Writing this in code gives us the following:
def find_divider(x: frozenset[int], x_min: int, x_max: int) -> int:
divider = x_min
while divider < x_max and divider + 1 not in x:
divider += 2
return divider
def S(a: int, b: int, c: int) -> frozenset[int]:
return frozenset(x for x in itertools.chain(range(a, b + 1, 2), range(b, c + 1)))

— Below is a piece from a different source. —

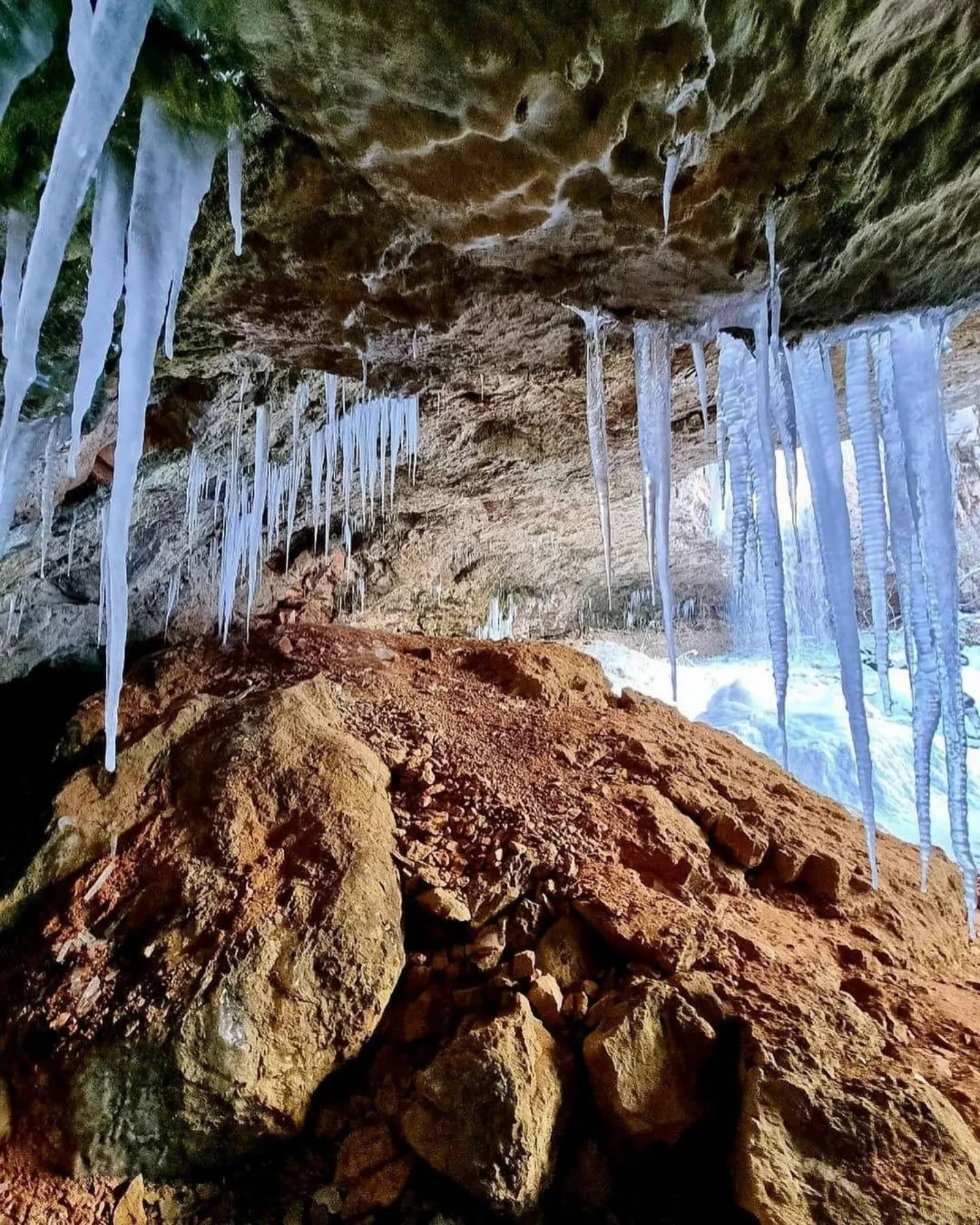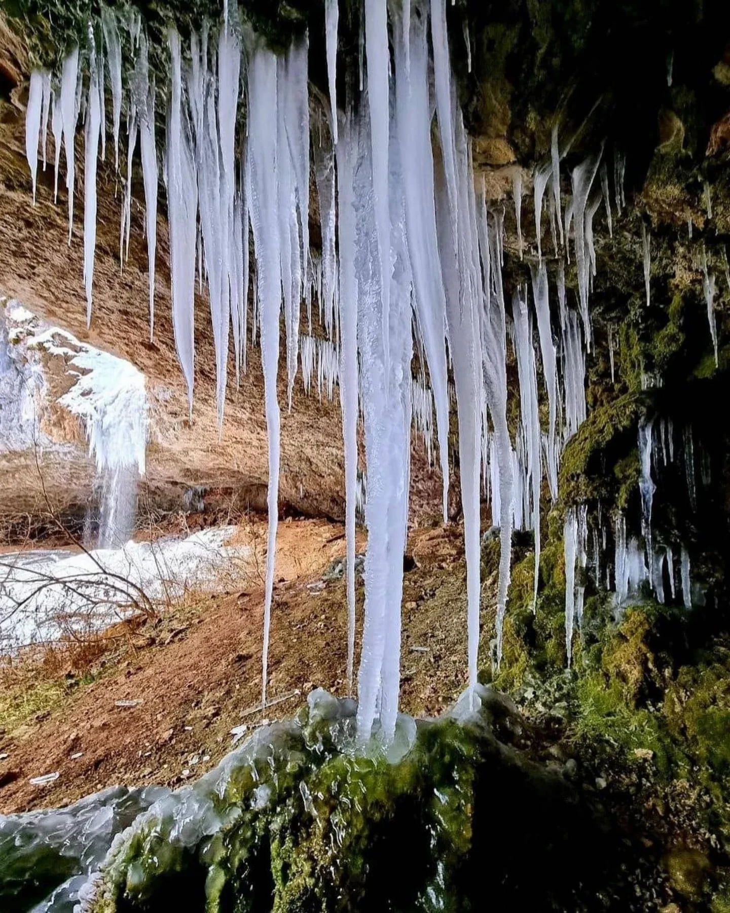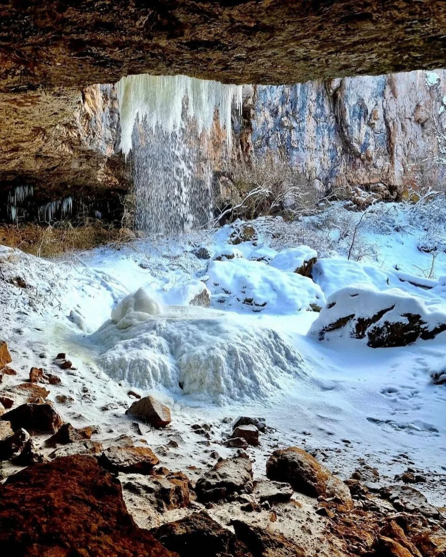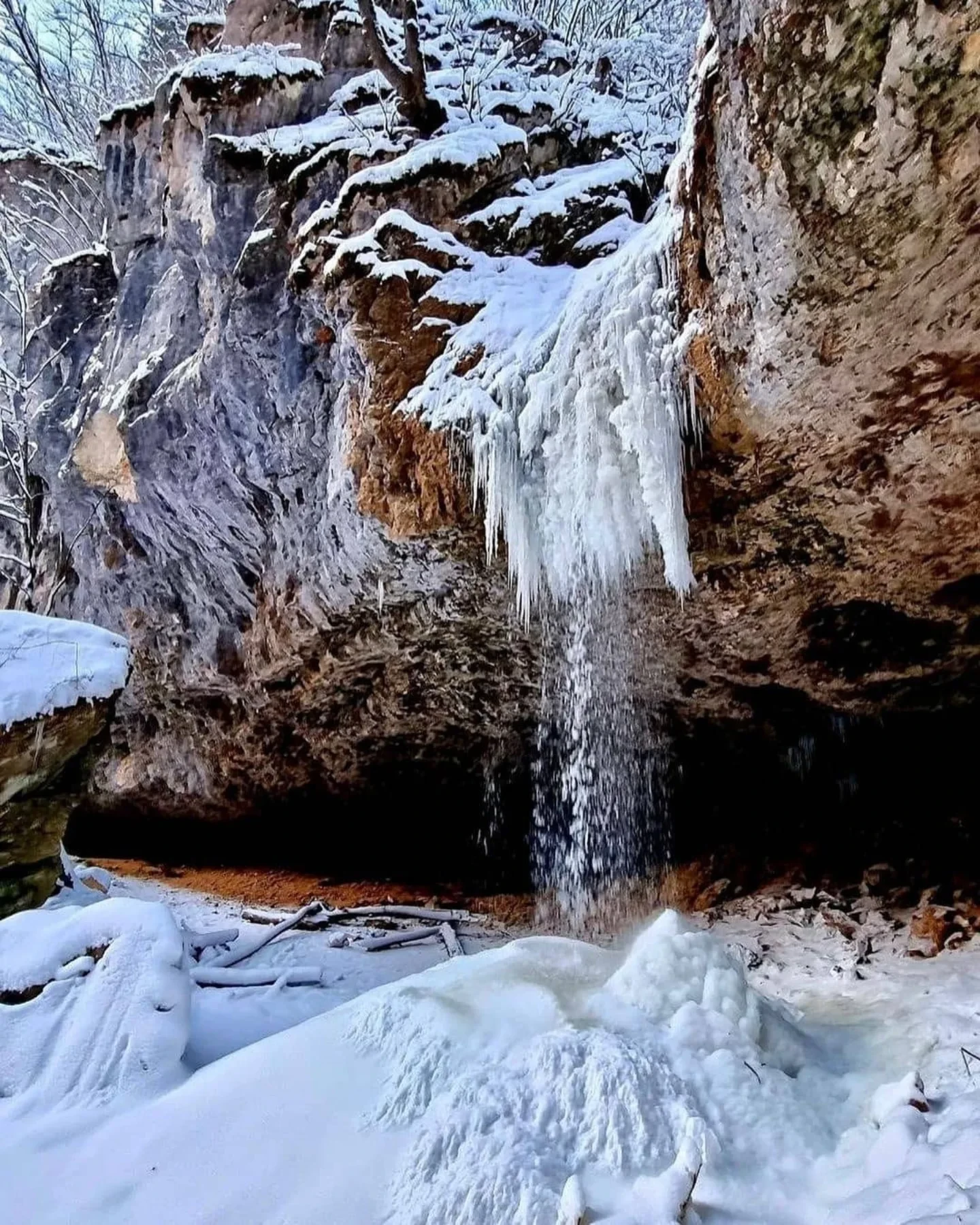 Потрясающий водопад Великан. Сейчас очень красивое время, когда склоны все в подснежниках.

def unique_sums(a: frozenset[int], b: frozenset[int]) -> frozenset[int]:
if not a or not b:
return frozenset()
a1, a3 = min(a), max(a)
b1, b3 = min(b), max(b)
a2 = find_divider(a, a1, a3)
b2 = find_divider(b, b1, b3)
# a and b are even only
if a2 == a3 and b2 == b3:
divider = a3 + b3
# a is even only
elif a2 == a3:
divider = a1 + b2
# b is even only
elif b2 == b3:
divider = b1 + a2
else:
divider = min(a1 + b2, b1 + a2)
return S(a1 + b1, divider, a3 + b3)
As for the one exception, pv0(4) = {0, 3}, it coincidentally turns out that our implementation still works (and even if it didn't, we could just use the slower method when the set size is small).
Now we can submit the following program:
import itertools
import functools
@functools.cache
def divide(n: int) -> tuple[int, int]:
p = 1
# a perfect binary tree has 2 ** k - 1 nodes where k is its height+1
while p * 2 - 1 <= n:
p *= 2
# now the number of nodes excluding the last unfilled row = p - 1
remaining_nodes = n - (p - 1)
# for each subtree, the number of nodes excluding the last unfilled row is p // 2 - 1
perfect_subtree_nodes = p // 2 - 1
# the left subtree can have at most p // 2 of the remaining nodes
left_subtree = perfect_subtree_nodes + min(remaining_nodes, p // 2)
# the right subtree does not get any of the remaining nodes until the left subtree is full
right_subtree = perfect_subtree_nodes + max(0, remaining_nodes - p // 2)
return left_subtree, right_subtree
@functools.cache
def solve(n: int) -> int:
return len(possible_values_0(n) | possible_values_1(n))
@functools.cache
def possible_values_0(n: int) -> frozenset[int]:
if n <= 1:
return frozenset({0})
a, b = divide(n)
a_values_0, b_values_0 = possible_values_0(a), possible_values_0(b)
a_values_1, b_values_1 = possible_values_1(a), possible_values_1(b)
# root node is 0 when a = 0 and b = 0 or a = 1 and b = 1
return unique_sums(a_values_0, b_values_0) | unique_sums(a_values_1, b_values_1)
@functools.cache
def possible_values_1(n: int) -> frozenset[int]:
if n == 0:
return frozenset()
if n == 1:
return frozenset({1})
a, b = divide(n)
a_values_0, b_values_0 = possible_values_0(a), possible_values_0(b)
a_values_1, b_values_1 = possible_values_1(a), possible_values_1(b)
# root node is 1 when a = 0 and b = 1 or a = 1 and b = 0
sums = unique_sums(a_values_0, b_values_1) | unique_sums(a_values_1, b_values_0)
# the root node adds 1 to each sum
return frozenset(x + 1 for x in sums)
def find_divider(x: frozenset[int], x_min: int, x_max: int) -> int:
divider = x_min
while divider < x_max and divider + 1 not in x:
divider += 2
return divider
def S(a: int, b: int, c: int) -> frozenset[int]:
return frozenset(x for x in itertools.chain(range(a, b + 1, 2), range(b, c + 1)))
def unique_sums(a: frozenset[int], b: frozenset[int]) -> frozenset[int]:
if not a or not b:
return frozenset()
a1, a3 = min(a), max(a)
b1, b3 = min(b), max(b)
a2 = find_divider(a, a1, a3)
b2 = find_divider(b, b1, b3)
# a and b are even only
if a2 == a3 and b2 == b3:
divider = a3 + b3
# a is even only
elif a2 == a3:
divider = a1 + b2
# b is even only
elif b2 == b3:
divider = b1 + a2
else:
divider = min(a1 + b2, b1 + a2)
return S(a1 + b1, divider, a3 + b3)
t = int(input())
for _ in range(t):
n = int(input())
print(solve(n))
Our program succeeds and gets us the flag: SEKAI{would_you_be_a_dear_for_me_and-_ok._f09fa68cf09f91a7}.